Recurrent Neural networks

TLDR

In the previous section on neural networks we saw how we could classify a single example—eg. a single image of a handwritten digit. In this class, we’ll alter that basic neural network to allow us to classify sequences—eg. multiple digits in a row. Here’s a few thought experiments to make this concept concrete.

Imagine we want to classify handwritten phone numbers. We know that certain area codes are more popular than others, so, e.g. if we see “61”, there’s a high probability that the next number is “7” for Boston’s “617.”
Imagine we want to classify the weather forecast given some data. If we’ve had a few days of sun in April, maybe rain is more likely soon.
Imagine we want to predict the next word in the sentence “I took a walk with my ____.” Clearly “sister” and “father” should be more probable than “refrigerator.”

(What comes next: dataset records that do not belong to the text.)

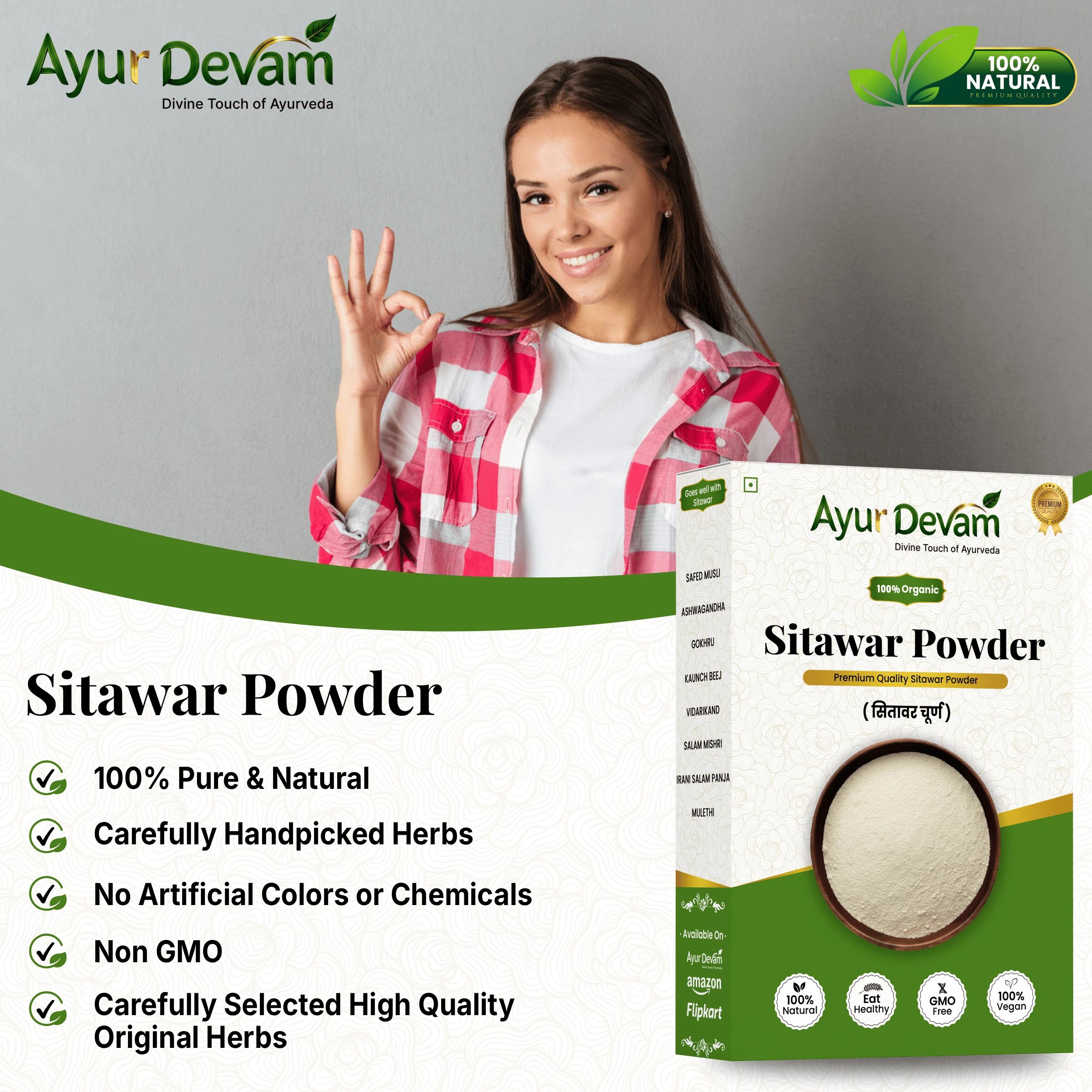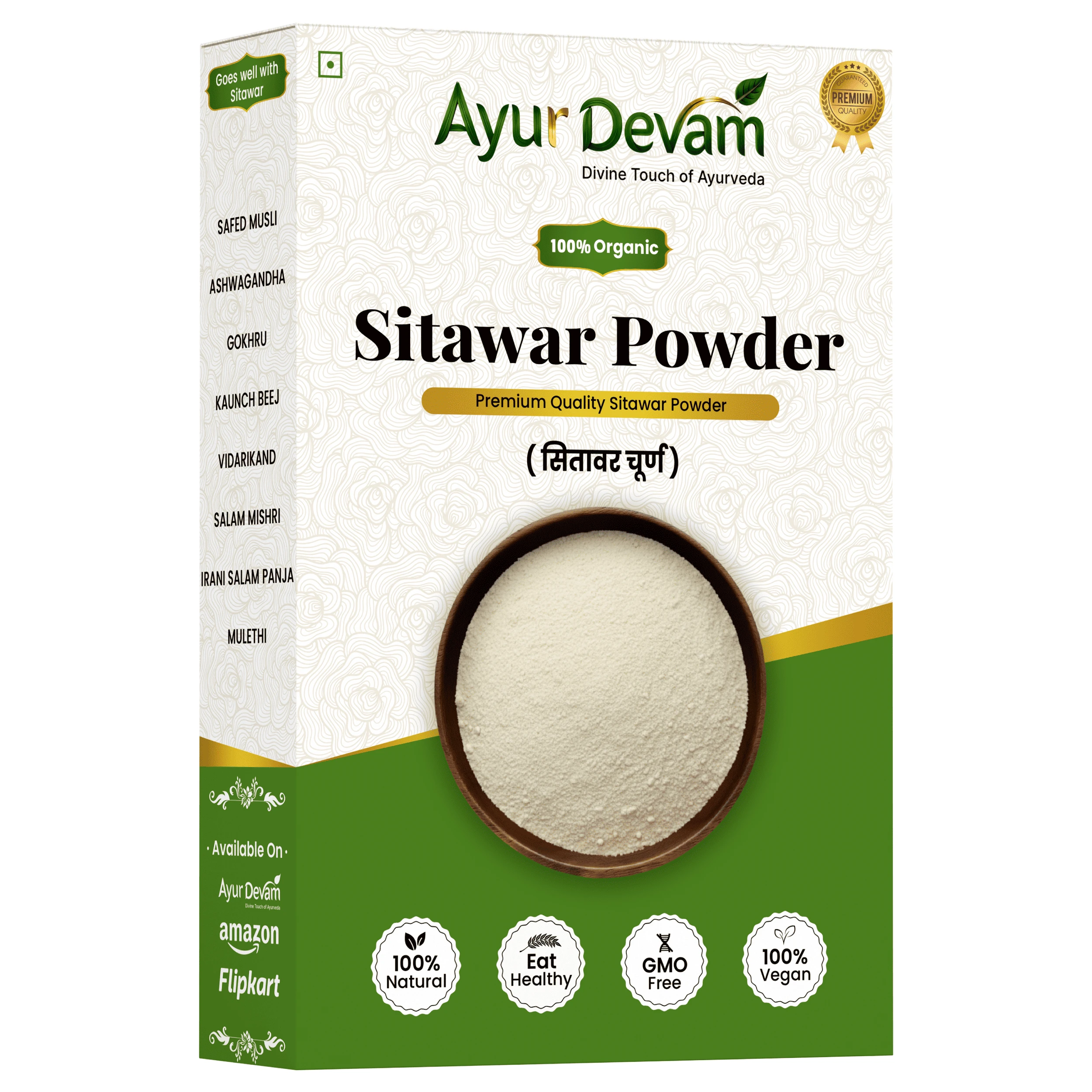 Sitawar Powder, also known as Shatavari Powder, is a premium-quality natural herbal supplement made from pure Asparagus racemosus roots. In traditional Ayurveda, Sitawar has been revered as a rejuvenating rasayana herb, especially known for supporting women’s health, hormonal balance, lactation, and overall vitality. It also helps in boosting immunity and maintaining general wellness. Sitawar is an adaptogenic herb that works gently with the body to support digestion, hormone regulation, and physical stamina, making it suitable for daily use as part of a healthy lifestyle.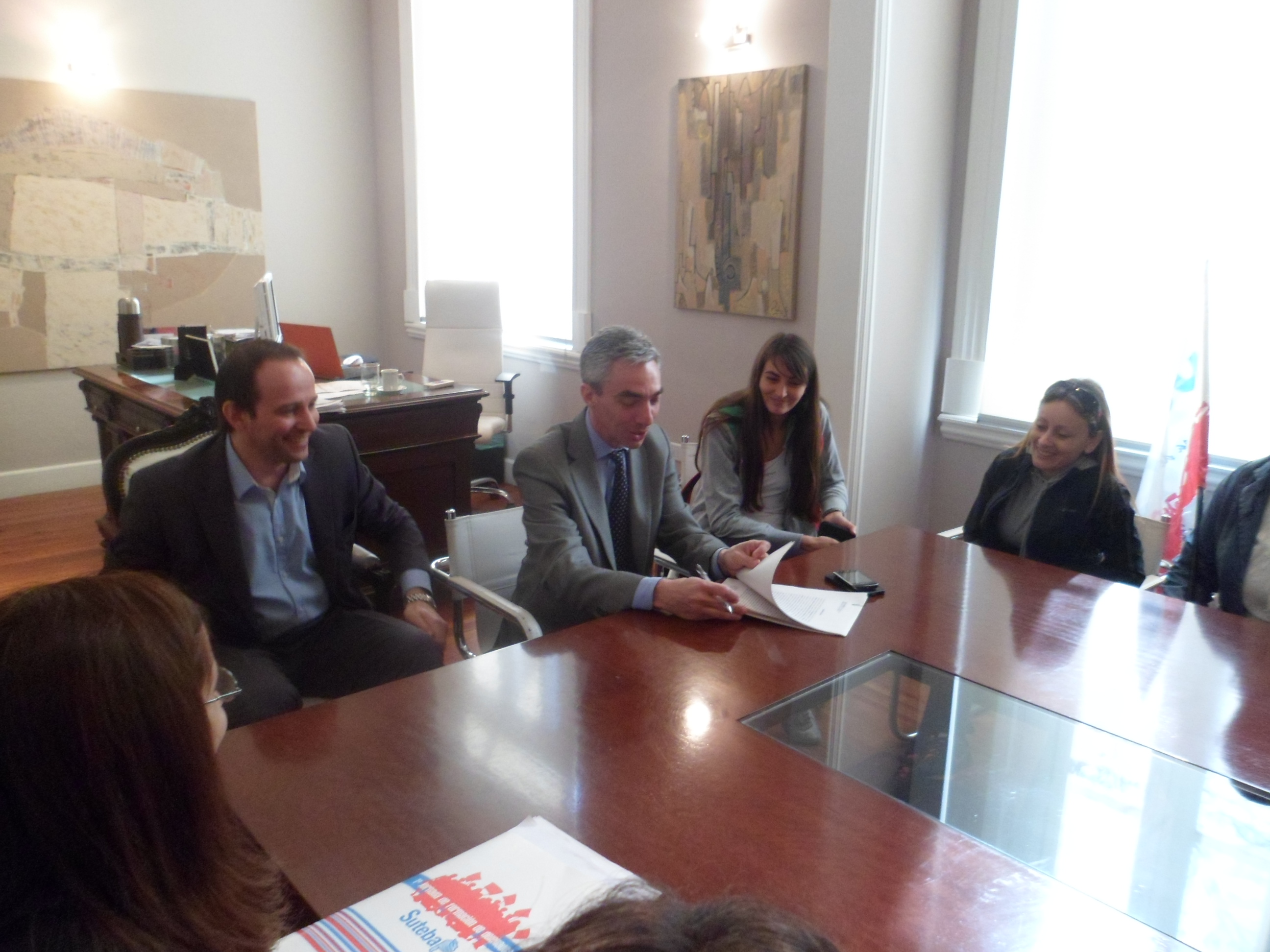 El miércoles 11 de septiembre, los compañeros de la la Cooperativa de Vivienda y Consumo de los Trabajadores de la Educación de Buenos Aires (COOPTEBA), acompañados por los integrantes del Consejo Ejecutivo del SUTEBA Junín y varios afiliados, firmaron con el Intendente Mario Meoni y el Secretario de Gobierno Mauro Gorer la toma de posesión de 26 lotes de terrenos fiscales destinados a la construcción de viviendas del Plan N°1.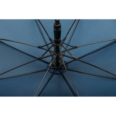 Guarda-chuva em 190T pongee, varetas em fibra de vidro, cabo em alumínio e haste revestida em borracha. Guarda-chuva à prova de vento com abertura automática. Fornecido em bolsa com alça curta para facilitar transporte.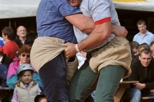 Frühjahrsschwinget Cham ZG, 11.04.2010Der Schlussgang zwischen Bruno Müller und Ady Tschümperlin endete unetschieden. retour à l‘aperçu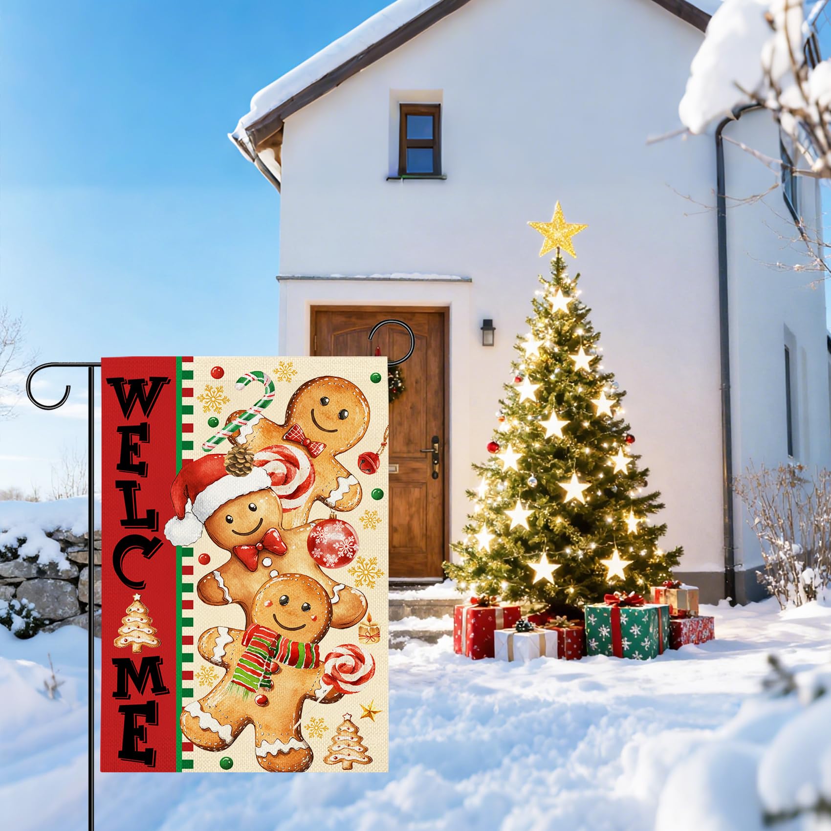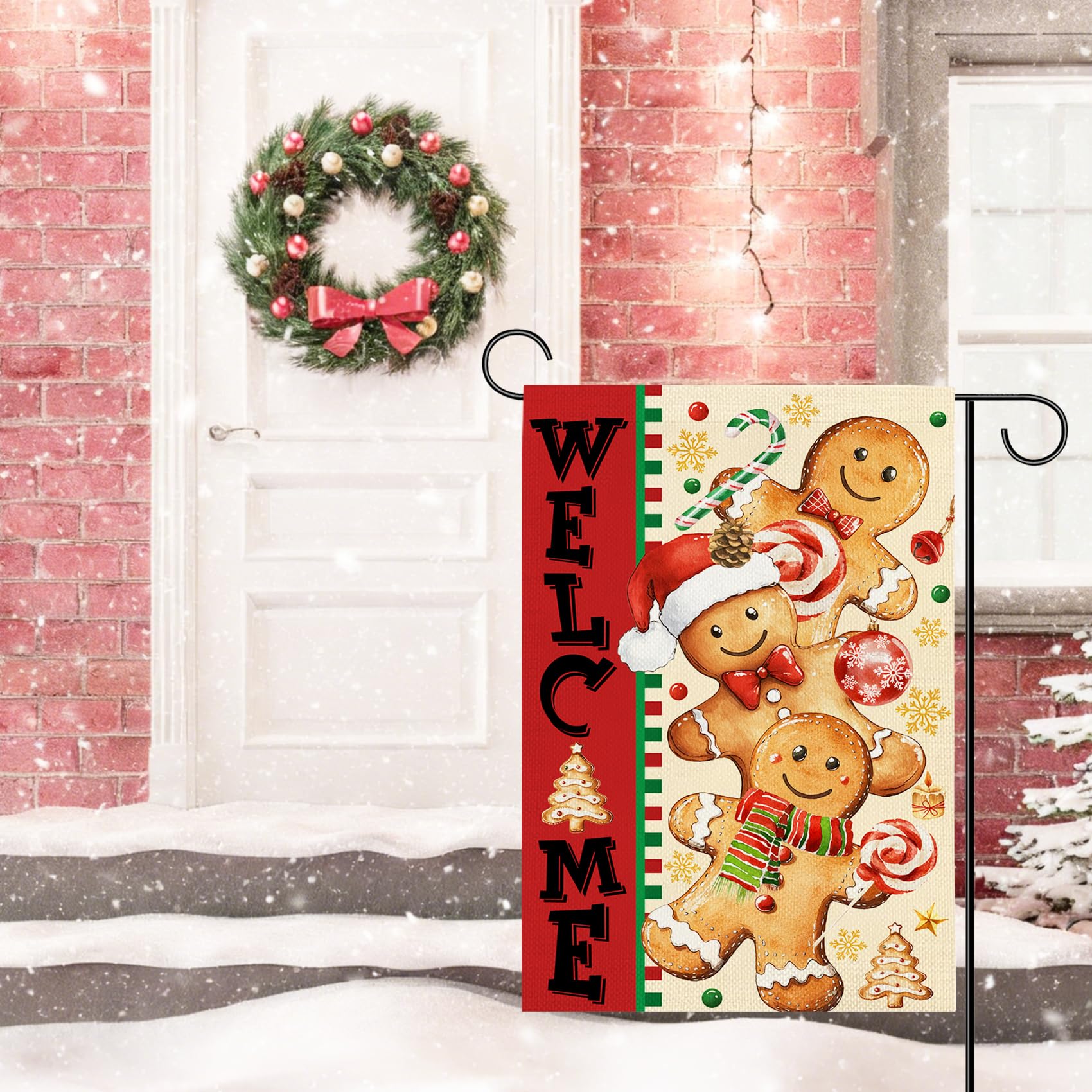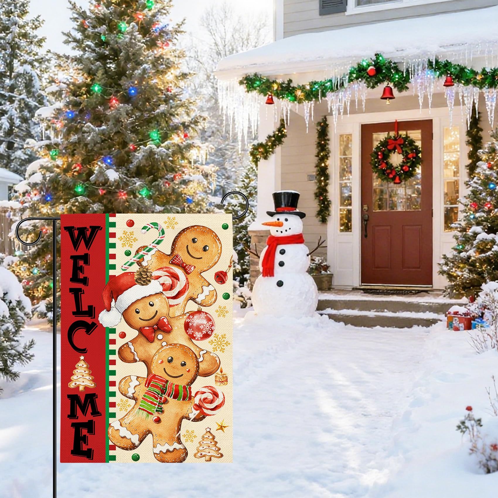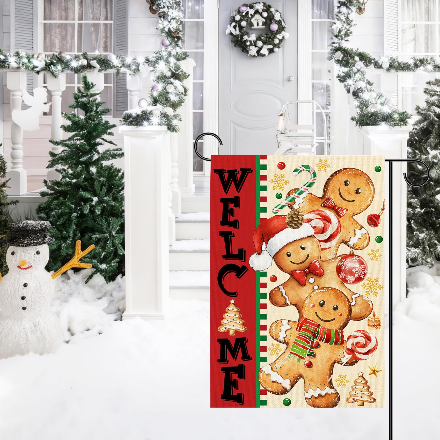 【Seasonal Yard Flag Size】: This gingerbread garden flag is 12x18 inches. Only Garden Flag, NO Flag Stand and Flag Pole. With about 2.0 inch wide hanging sleeve at the top, our garden flag fits most standard flag stands, making it ideal for gardens, patios, porches, and yards .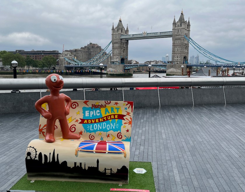 - Morph Over, There’s Room for Two! by Mik Richardson – Continue following the path around the top of The Scoop, and this is on a section near some steps that take you back down to Queen’s Walk (there is step-free access nearby though). You can sit on this bench for a photo with Morph, with Tower Bridge and/or the Tower Of London in the background depending on the angle. This was one of the few stragglers I found on a free weekday, as it was installed a bit later than the others nearby.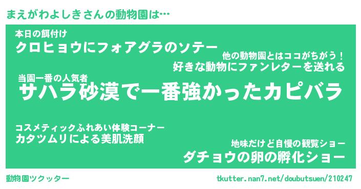 | 2回繰り返すあだ名 | 『まえまえ』『ままええ』『あんあん』 |
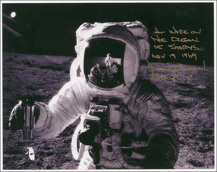 Eye-catching color 10 x 8 laserprint photo of Bean on the moon, signed in gold ink, “At Work on the Ocean of Storms, Nov 19, 1969, Alan Bean, Apollo 12.” In fine condition, with slight discoloration to portions of ink in signature and inscription. Pre-certified Scott Cornish and RRAuction COA.

To accomplish these tasks, we need to give our neural network some "memory" of what happened in the past. That’s exactly what recurrent neural networks do.

In-class activities

🎭 Model Shakespeare with an RNN

Further reading

MIT 6.S191: Recurrent Neural Networks, Transformers, and Attention, by Ava Amini Watch until minute 48, whereupon Amini starts getting into transformers.
The Unreasonable Effectiveness of Recurrent Neural Networks, by Andrej Karpathy

This latter article is pretty famous. What's amazing is that the RNN's Karpathy trains in this article are character-based. They are outputting single letters instead of words. And, even with that being the case, they are able to learn to create unreasonably awesome output. You need to understand the stuff he's talking about down until his "Fun with RNNs" section.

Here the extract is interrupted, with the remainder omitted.